**PROBLEM REQUIREMENTS**:
Reproduce exactly, and solely, the lines running from the top of the data below through the line with "In Klasterc nad", both inclusive. Omit pictures.

**DATASET CONTENT**:
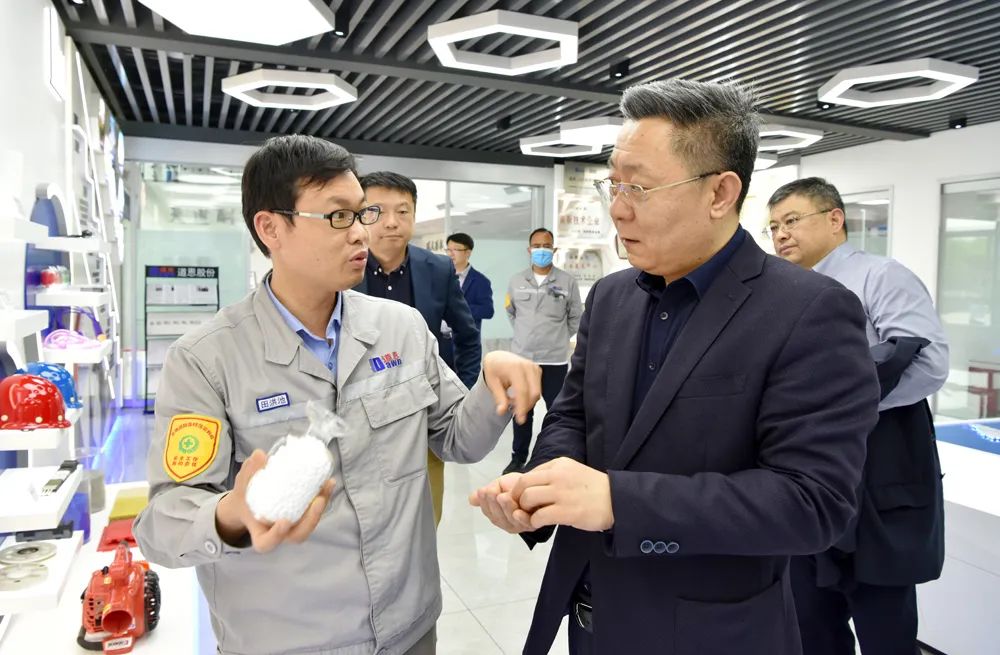 任賢全副總裁一行參觀了道恩集團總部、道恩化學,道恩承建并管理的龍口市新材料科技產業園,以及高分子新材料產業、鈦產業等骨干企業,實地了解道恩的企業發展、園區建設、產業布局、科技研發、市場拓展、產品應用等情況。
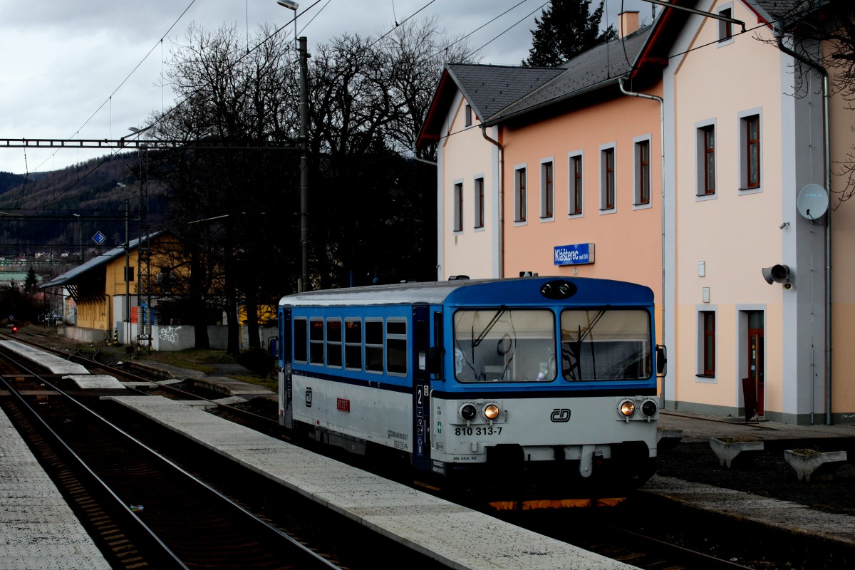 In Klasterc nad Ohri wird ein TW der Reihe 813 vom Schnellzug Cheb-Praha überholt. 08.02.2016 09:51 Uhr
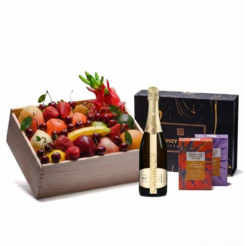 SE QLD Shipping Only Orchard Prestige Dom Pérignon Celebration Hamper — Fruit, Champagne, Chocolate & Brie
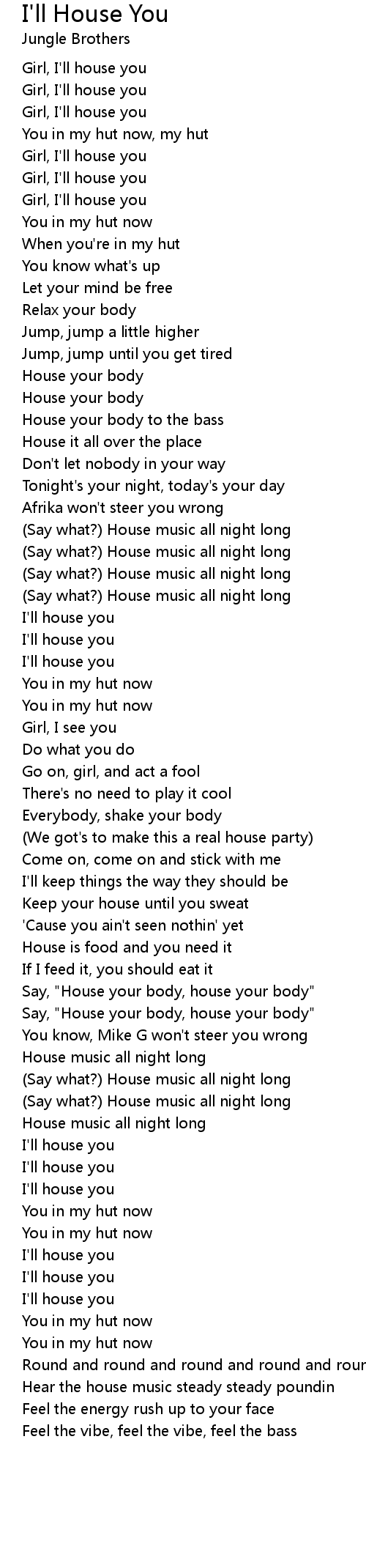 Say, "House your body, house your body" |

**RESULT FOR THIS EXERCISE**:
 任賢全副總裁一行參觀了道恩集團總部、道恩化學,道恩承建并管理的龍口市新材料科技產業園,以及高分子新材料產業、鈦產業等骨干企業,實地了解道恩的企業發展、園區建設、產業布局、科技研發、市場拓展、產品應用等情況。
 In Klasterc nad Ohri wird ein TW der Reihe 813 vom Schnellzug Cheb-Praha überholt. 08.02.2016 09:51 Uhr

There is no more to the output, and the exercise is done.